The Adenauer era witnessed the resurrection of the
West German economy, often referred to as the “economic
miracle.” Although West Germany had only
75 percent of the population and 52 percent of the territory
of prewar Germany, by 1955 the West German GNP
exceeded that of prewar Germany. Real wages doubled
between 1950 and 1965, even though work hours were
cut by 20 percent. Unemployment fell from 8 percent in
1950 to 0.4 percent in 1965. To maintain its economic
expansion, West Germany imported hundreds of thousands
of “guest” workers, primarily from Italy, Spain,
Greece, Turkey, and Yugoslavia.
The capital of the Federal Republic had been placed at
Bonn, a sleepy market town on the Rhine River, to erase
memories of the Nazi era, when the capital was at Berlin.
Still, the country was troubled by its past. The surviving
major Nazi leaders had been tried and condemned as war
criminals at the Nuremberg war crimes trials in 1945
and 1946. As part of the denazification of Germany, the
victorious Allies continued to try lesser officials for war
crimes, but these trials diminished in number as the Cold
War produced a shift in attitudes. By 1950, German
courts had begun to take over the war crimes trials, and
the German legal machine persisted in prosecuting cases.
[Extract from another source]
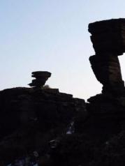 梵净山多雾,雾大的时候,能见度不超过10米,那时候就没有什么意思了。所以要来梵净山来,首先要关注天气,最好是晴天或者多云的时候来。 如果天气不错,建议第一天到山下的酒店住一晚上。我们住的是凤德客栈,老板人很好,我们的一个双肩包坏了,她还借了我们一个,做菜也特别好吃。第二天的时候,我们大概6点50出门,走到售票厅大概7点十分,这时候基本上没有什么人。我们买的是双程的缆车,假设体力不错同时时间不紧,可以试试爬山,爬到金顶大概需要5-6小时吧,这时体力消耗会非常大,最好坐缆车下山。 下了缆车,不妨往蘑菇石和老金顶方向走。我们去的比较早,太阳刚刚升起来不久,天边的金光透过厚重的云层,映着远处的群山,其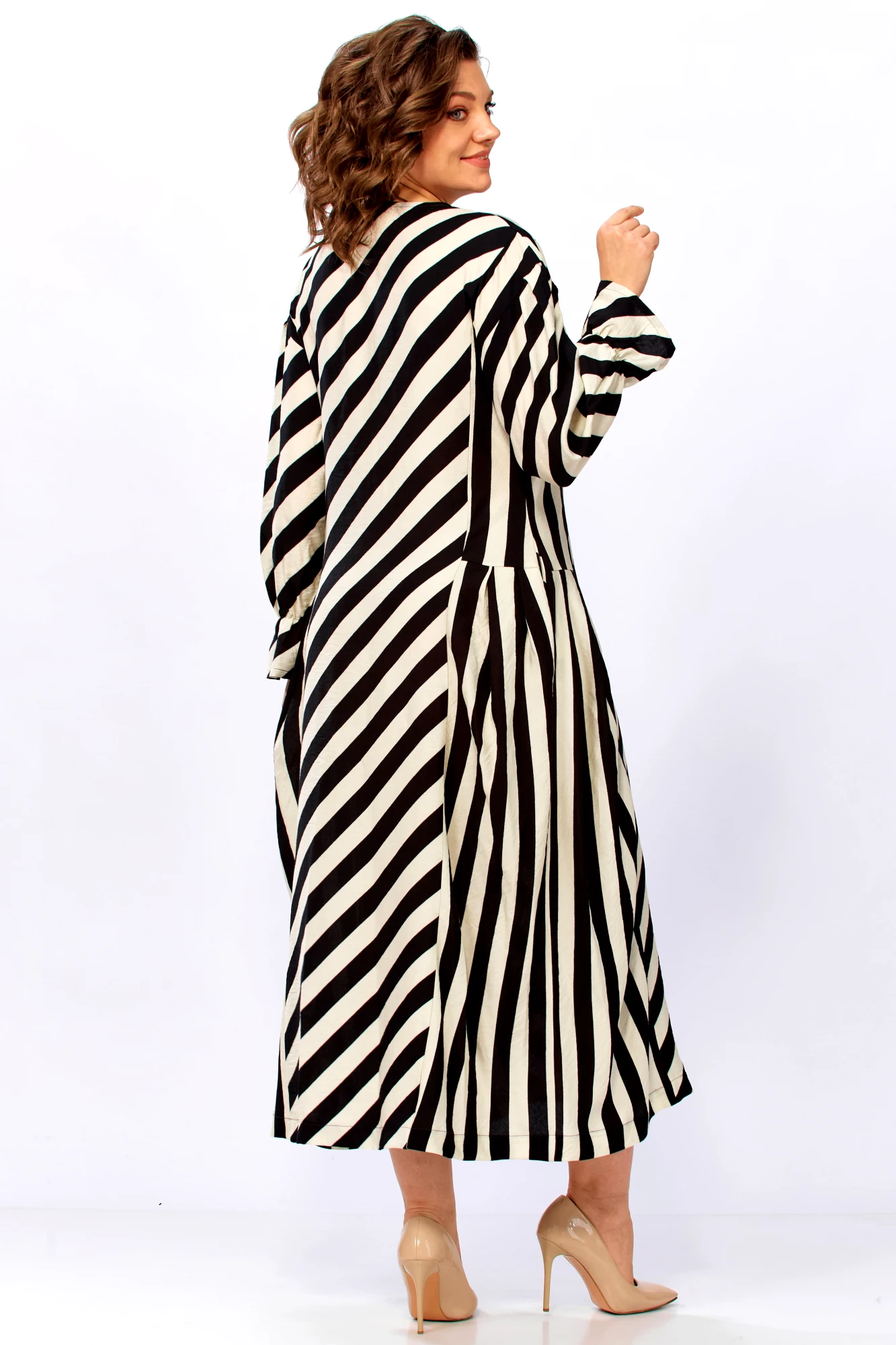 3. Для дам с формами: крой и направление полос мастерски моделируют гармоничный силуэт.

Beginning in 1953, the West German government also
began to make payments to Israel and to Holocaust survivors
and their relatives to make some restitution for, in
the words of German president Richard von Weizsäcker,
“the unspeakable sorrow that occurred in the name of
Germany.”
After the Adenauer era ended in the mid-1960s, the
Social Democrats became the leading party. By forming a
ruling coalition with the small Free Democratic Party, the
Social Democrats remained in power until 1982. The first
Social Democratic chancellor was Willy Brandt (1913–
1992). Brandt was especially successful with his “opening
toward the east” (known as Ostpolitik), for which he received
the Nobel Peace Prize in 1972. On March 19,
1971, Brandt met with Walter Ulbricht, the leader of East
Germany, and worked out the details of a treaty that was
signed in 1972. This agreement did not establish full
diplomatic relations with East Germany but did call for
“good neighborly” relations. As a result, it led to greater
cultural, personal, and economic contacts between West
and East Germany. Despite this success, the discovery of
an East German spy among Brandt’s advisers caused his
resignation in 1974.
His successor, Helmut Schmidt (b. 1918), was more of
a technocrat than a reform-minded socialist and concentrated
on the economic problems brought about largely
by high oil prices between 1973 and 1975. Schmidt was
successful in eliminating a deficit of 10 billion marks in
three years. In 1982, when the coalition of Schmidt’s Social
Democrats with the Free Democrats fell apart over
the reduction of social welfare expenditures, the Free
Democrats joined with the Christian Democratic Union
of Helmut Kohl (b. 1930) to form a new government.